**PROBLEM DETAILS:** Look through the data below and output, unchanged, every line from the one holding "蘇煙2025最新價(jià)格 蘇煙多少錢一包" through the one holding "贛云新款變頻雙調速肉丸成型機", inclusive. Skip the pictures.

**EXCERPTED DATA:**
※
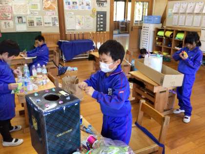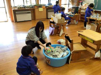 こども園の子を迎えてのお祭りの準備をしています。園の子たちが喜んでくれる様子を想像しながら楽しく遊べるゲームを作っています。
※
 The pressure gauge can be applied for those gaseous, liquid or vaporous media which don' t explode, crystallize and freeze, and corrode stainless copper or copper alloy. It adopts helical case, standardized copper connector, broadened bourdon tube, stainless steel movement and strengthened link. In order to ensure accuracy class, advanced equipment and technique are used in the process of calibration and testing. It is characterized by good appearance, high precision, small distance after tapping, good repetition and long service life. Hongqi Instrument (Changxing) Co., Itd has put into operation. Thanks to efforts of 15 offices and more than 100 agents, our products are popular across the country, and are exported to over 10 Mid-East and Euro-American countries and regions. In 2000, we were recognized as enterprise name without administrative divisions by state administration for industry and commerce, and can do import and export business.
※
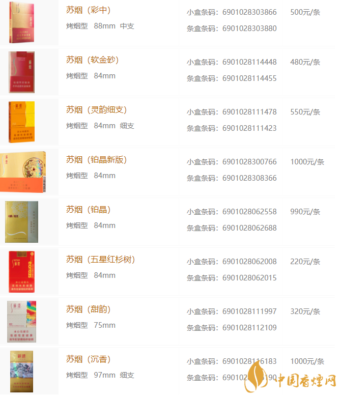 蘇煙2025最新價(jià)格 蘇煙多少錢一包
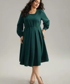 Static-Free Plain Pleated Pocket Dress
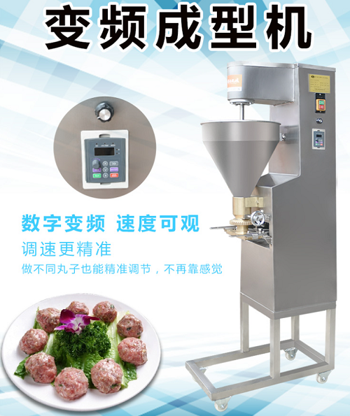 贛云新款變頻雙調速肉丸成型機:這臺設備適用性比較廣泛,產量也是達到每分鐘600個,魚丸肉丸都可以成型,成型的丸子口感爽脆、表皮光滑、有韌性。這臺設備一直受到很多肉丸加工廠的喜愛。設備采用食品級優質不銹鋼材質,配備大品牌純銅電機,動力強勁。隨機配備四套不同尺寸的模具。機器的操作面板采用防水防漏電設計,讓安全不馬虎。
※
**THE ANSWER:**
 蘇煙2025最新價(jià)格 蘇煙多少錢一包
 Static-Free Plain Pleated Pocket Dress
 贛云新款變頻雙調速肉丸成型機:這臺設備適用性比較廣泛,產量也是達到每分鐘600個,魚丸肉丸都可以成型,成型的丸子口感爽脆、表皮光滑、有韌性。這臺設備一直受到很多肉丸加工廠的喜愛。設備采用食品級優質不銹鋼材質,配備大品牌純銅電機,動力強勁。隨機配備四套不同尺寸的模具。機器的操作面板采用防水防漏電設計,讓安全不馬虎。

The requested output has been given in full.